I rispettivi eserciti continuano a combattere sui campi di battaglia e le soluzioni diplomatiche delle crisi che li vedono coinvolti appaiono lontane
Il 24 febbraio 2022 è iniziata l’Operazione Militare Speciale (OMS) della Russia sul territorio dell’Ucraina. Il 9 ottobre 2023, due giorni dopo l’attacco di Hamas, Israele ha ammassato oltre 100mila soldati vicino ai confini della Striscia di Gaza, richiamato più di 300mila riservisti e annunciato l’“assedio totale” dell’enclave palestinese. Entrambe le offensive sono state più volte definite “escalation irresponsabili che minacciano la pace e la sicurezza internazionale” e “flagranti violazioni della sovranità dei Paesi aggrediti, del diritto internazionale e della Carta delle Nazioni Unite”. A parole, i pesi e le misure sono gli stessi. Nella pratica, invece, sono molto diversi. Il presidente russo Vladimir Putin e il premier israeliano Benjamin Netanyahu sono stati bollati come “autocrati” e “criminali di guerra”.
Convergenze e divergenze, apparenti e sostanziali
Putin e Netanyahu sono accomunati dai mandati di arresto emessi dalla Corte Penale Internazionale. Sulla testa di Putin ne pende uno dal marzo 2023 perché sarebbe “responsabile del crimine di guerra di deportazione illegale di popolazione (bambini) e di trasferimento illegale di popolazione dalle zone occupate dell’Ucraina alla Russia”. Su quella di Netanyahu incombe la stessa spada di Damocle dal novembre 2024 per “crimini contro l’umanità e crimini di guerra commessi nella Striscia di Gaza”. I due leader continuano tuttavia a incontrare capi di Stato e di governo e partecipano ai vertici internazionali in cui è richiesta la loro presenza. I rispettivi eserciti continuano a combattere sui campi di battaglia e le soluzioni diplomatiche delle crisi che li vedono coinvolti appaiono lontane.

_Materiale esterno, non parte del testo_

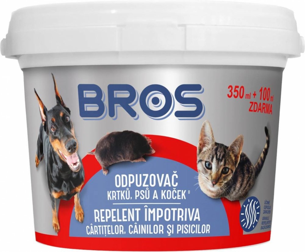 Ideální ochrana zahrada a dětských hřišť. Umožňuje předcházet vzniku nebezpečných hromádek a exkrementů na cestách, alejích stezkách apod. a také chrání dětská hřiště před exkrementy psů a koček. Pach účinně odpuzuje zvířata, ale není obtížný pro člověka. Přípravek v podobě prášku. Návod k použití:Krtci: Odkryjte část podzemní chodby krtka a vsypte do ní několik lžic přípravku (5 lžic je asi 20 g). Poté utěsněte otvor tak, aby pak bez problému pronikal dále chodbami. Je možné také posypat celou plochu počínaje od středu a vždy po několika dnech ošetřenou plochu rozšiřovat (2 lžíce na 1 m2).Psi a kočky: K zajištěnní ochrany plochy vysypte 2 lžíce přípravku na 1 m2 plochy. V místech zvláště vystavených znečišťování zvířat lze vysypat větší možství produktu. Za příznivých podmínek (menší množství srážek) je přípravek účinný asi 2 měsíce.Způsob použití: K použití proti krtkům vyskytujících se na letišti, zemních hydrotechnických konstrukcích a sportovních objektech. Přípravek přechovávejte v originálním, těsně uzavřeném obalu v suchém místě.Bezpečnostní opatření: Před použitím si přečtěte návod k použití na obalu a přípravek používejte v souladu s návodem. Dodržujte základní pravidla bezpečnosti práce s chemickými přípravky. Při používání přípravku nejezte, nepijte a nekuřte, po ukončení práce si umyjte ruce. Škodlivý pro vodní organismy, může vyvolat dlouhodobé nepříznivé účinky ve vodním prostředí. uchovávejte mimo dosah dětí. Zamezte styku s očima a kůží. při požití okamžitě vyhledejte lékařskou pomoc a ukažte tento obal nebo označení.

Gli alleati di Putin e Netanyahu
Il capo del Cremlino ha due interlocutori a livello negoziale. Uno affidabile, la Cina, e un altro quasi totalmente inaffidabile, gli Stati Uniti, che ondeggiano tra dialogo e sanzioni, bilaterali e missili. Il primo ministro israeliano può contare sul sostegno totale degli Usa e dei loro vassalli e soprattutto sull’inerzia di gran parte dell’Occidente, fermo ai proclami e alle schermaglie inconcludenti. Qualche fatto nuovo si sta registrando, ma al momento sembra ancora poco consistente.
L’Assemblea generale delle Nazioni Unite, nella giornata di ieri, ha adottato la “Dichiarazione di New York”, il testo che mira a rilanciare la prospettiva della soluzione a due Stati tra Israele e Palestina, escludendo ogni coinvolgimento di Hamas. La risoluzione, avanzata da Francia e Arabia Saudita, è stata approvata con 142 voti a favore, 10 contrari – tra cui Israele e il suo principale sponsor, gli Stati Uniti – e 12 astensioni. Il documento condanna esplicitamente il movimento islamico di resistenza e chiede che l’organizzazione deponga le armi.
L’ambasciatore israeliano all’Onu, Danny Danon, è partito subito all’attacco: “Questa è una proposta vuota che ignora completamente la realtà. Questa è una dichiarazione unilaterale che abbraccia le menzogne dei nostri nemici e fornisce sostegno ad Hamas”.
L’esecutivo israeliano punta molto sulla propaganda. Prima dell’attacco israeliano che ha preso di mira i vertici di Hamas a Doha, Netanyahu stava portando avanti “un’intensa campagna diplomatica in Occidente, con particolare attenzione agli Stati Uniti, per screditare il Qatar”. A riferirlo sono state fonti politiche di Tel Aviv al quotidiano panarabo saudita Asharq Al-Awsat, secondo le quali l’obiettivo era “preparare il terreno ad un’operazione su vasta scala” contro l’emirato “dipinto persino come parte integrante dell’asse iraniano”.
Obiettivi e tempi
La differenza più grande è costituita dagli obiettivi. Il ministero della Difesa in Russia ha rivendicato l’occupazione degli insediamenti di Khorosheye, Sosnovka e Novopetrovskoye, nella regione di Dnipropetrovsk. Una volta messe in sicurezza le popolazioni russofone del Donbass e scongiurato il pericolo dell’adesione di Kiev alla Nato, è presumibile che Vladimir Putin possa decidere di mettere fine alle ostilità, guerrafondai europei permettendo. Per Benjamin Netanyahu, al contrario, la questione è più complessa e si chiama “Grande Israele”, uno Stato ebraico dal fiume al mare, che vuol dire fine guerra mai.